Lo stesso Olivier Blanchard sottolinea che il vero problema italiano non sta nello spread o nel taglio del debito. No, il vero problema sta nella produttività, che continua a peggiorare nei confronti dei partners del Nord per una somma di motivi, a partire dalle riforme mancate all’inefficienza diffusa che ha fatto perdere all’Italia più di venti posizioni nella classifica della libertà economica, quella che colpevolmente Giulio Tremonti trattò con la sua abituale sufficienza.

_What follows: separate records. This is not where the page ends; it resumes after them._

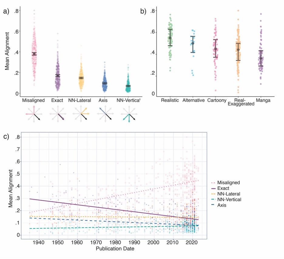 We also see that the rates of flow alignment overall have been decreasing over time in comics from the 1930s to the 2020s. That is, in general comic pages have been using less flow alignment, and more misalignment between the panel directions and layout directions.
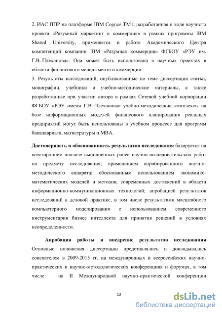 всестороннем анализе выполненных ранее научно-исследовательских работ по предмету исследования; применением в исследованиях апробированного научно-методического аппарата; обоснованным использованием экономико-математических моделей и методов, современных достижений в области информационно-коммуникационных технологий; апробацией результатов исследований в деловой практике, в том числе результатами масштабного компьютерного моделирования с использованием современного инструментария бизнес - интеллекта для принятия решений в условиях неопределенности.
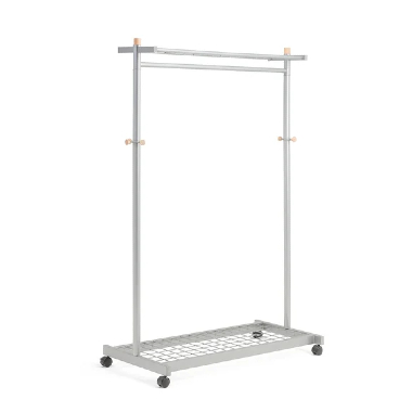 Metāla apģērbu statīvs ar koka elementiem. Statīvs cepurēm un apģērbiem aprīkots ar ritenīšiem. Tajā ir vieta apmēram 30 apģērbu pakaramajiem. Komplektā ietilpst seši apģērbu pakaramie.

Che fare? Tra le ricette merita uno sguardo quella adottata dal Belgio, Paese con un debito pubblico qualche anno fa superiore all’Italia e che oggi, con un rapporto debito/Pil sotto il 100%, presta quattrini a tassi negativi. La ricetta è semplice: non far aumentare le spese più dell’inflazione, aumentare le entrate in linea con il Pil. Niente di più, niente di meno. Anche perché Bruxelles è stata per lunghi tratti senza guida politica, visto lo scontro feroce tra valloni, fiamminghi e minoranze varie. Ma forse l’assenza di maggioranza politica può essere un grande vantaggio. Anche se, ahimè, da noi i tempi stringono. E la recessione rende tutto più difficile.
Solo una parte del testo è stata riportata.